Task directions
From the first line to the last, copy the listing exactly and omit the pictures.

Data shown
===

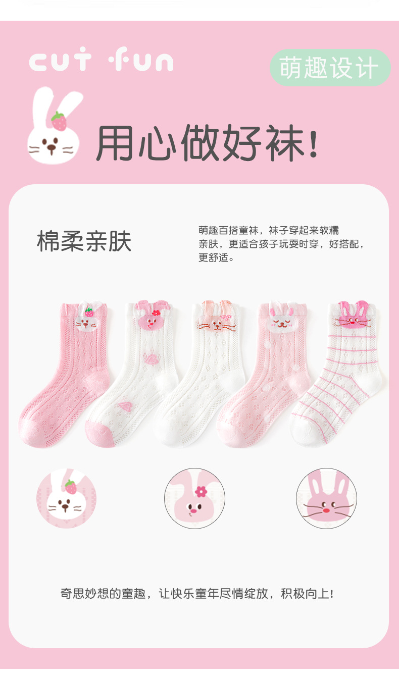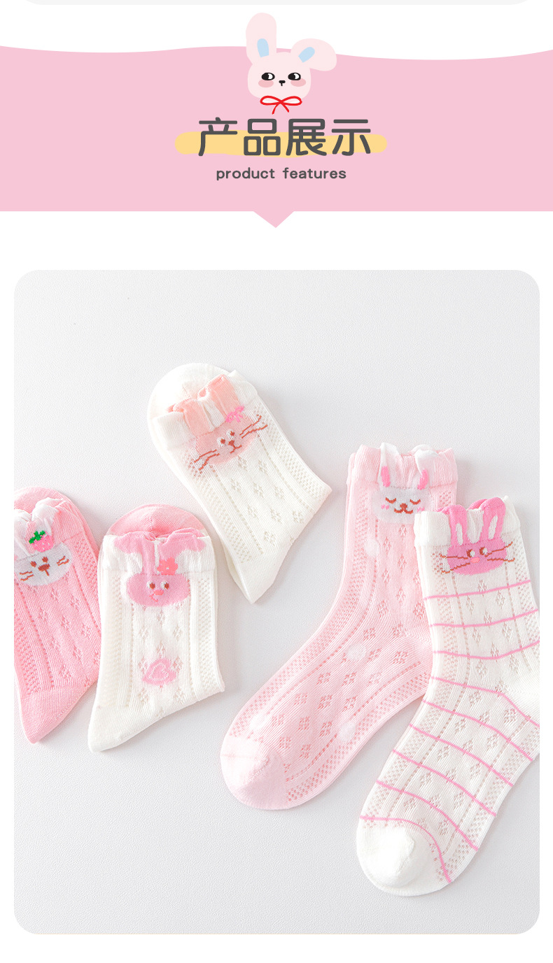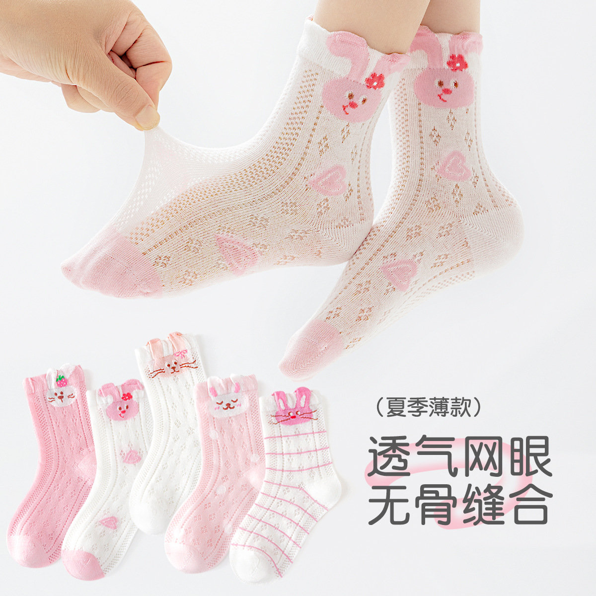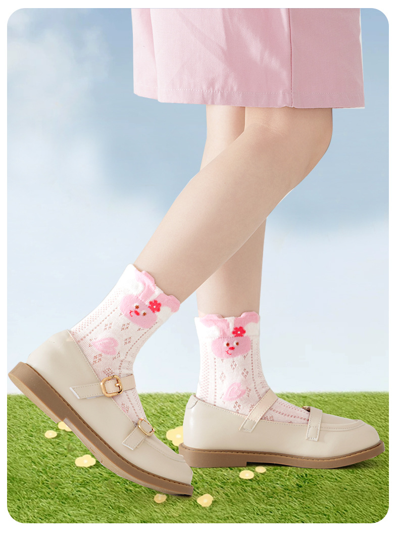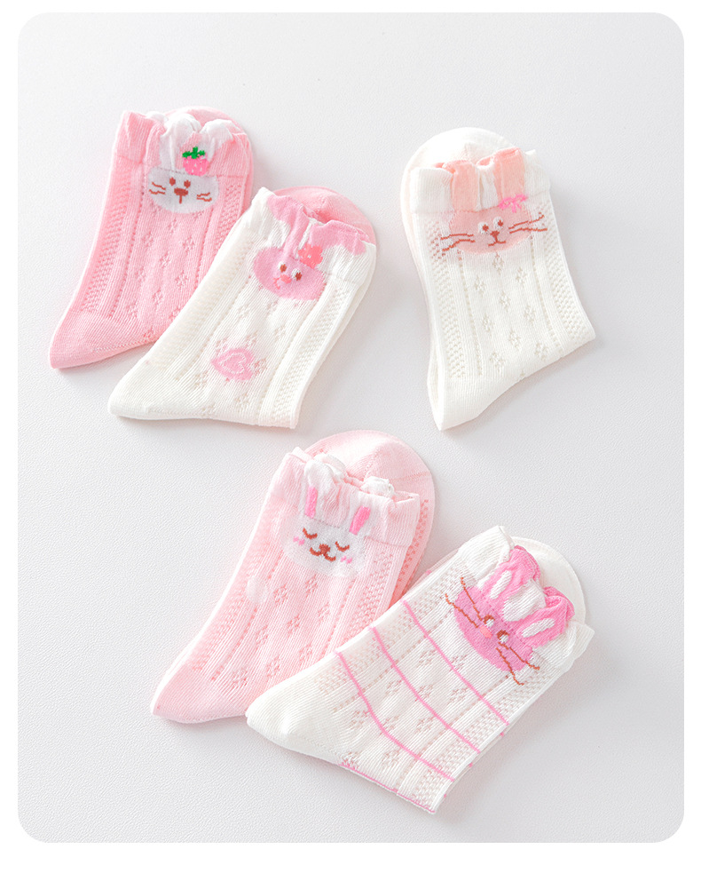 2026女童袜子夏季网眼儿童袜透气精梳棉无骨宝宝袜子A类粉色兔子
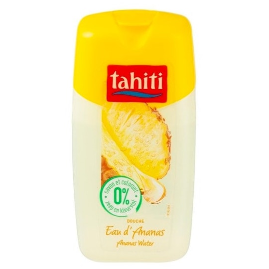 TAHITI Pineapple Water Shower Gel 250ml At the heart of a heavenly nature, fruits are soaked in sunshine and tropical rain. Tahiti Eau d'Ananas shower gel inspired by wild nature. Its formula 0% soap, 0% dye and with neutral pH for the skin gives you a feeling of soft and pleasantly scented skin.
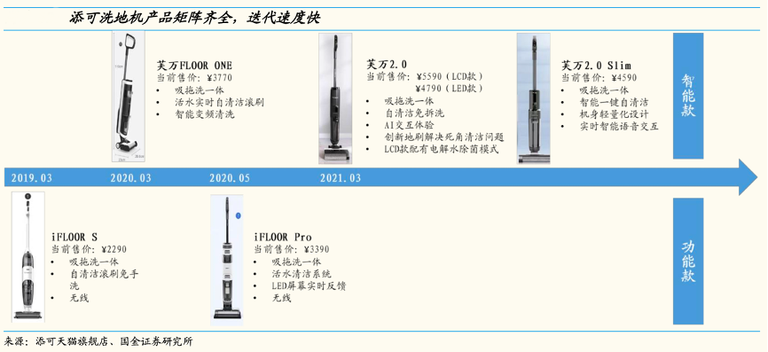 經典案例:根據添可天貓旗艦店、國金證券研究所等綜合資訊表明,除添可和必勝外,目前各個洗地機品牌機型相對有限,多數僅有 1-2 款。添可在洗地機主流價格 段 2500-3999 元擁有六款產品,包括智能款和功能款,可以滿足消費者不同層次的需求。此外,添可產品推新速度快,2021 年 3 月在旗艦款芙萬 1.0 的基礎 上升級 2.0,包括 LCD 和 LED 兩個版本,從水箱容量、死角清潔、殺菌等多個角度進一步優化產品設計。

===

Answer space
 2026女童袜子夏季网眼儿童袜透气精梳棉无骨宝宝袜子A类粉色兔子
 TAHITI Pineapple Water Shower Gel 250ml At the heart of a heavenly nature, fruits are soaked in sunshine and tropical rain. Tahiti Eau d'Ananas shower gel inspired by wild nature. Its formula 0% soap, 0% dye and with neutral pH for the skin gives you a feeling of soft and pleasantly scented skin.
 經典案例:根據添可天貓旗艦店、國金證券研究所等綜合資訊表明,除添可和必勝外,目前各個洗地機品牌機型相對有限,多數僅有 1-2 款。添可在洗地機主流價格 段 2500-3999 元擁有六款產品,包括智能款和功能款,可以滿足消費者不同層次的需求。此外,添可產品推新速度快,2021 年 3 月在旗艦款芙萬 1.0 的基礎 上升級 2.0,包括 LCD 和 LED 兩個版本,從水箱容量、死角清潔、殺菌等多個角度進一步優化產品設計。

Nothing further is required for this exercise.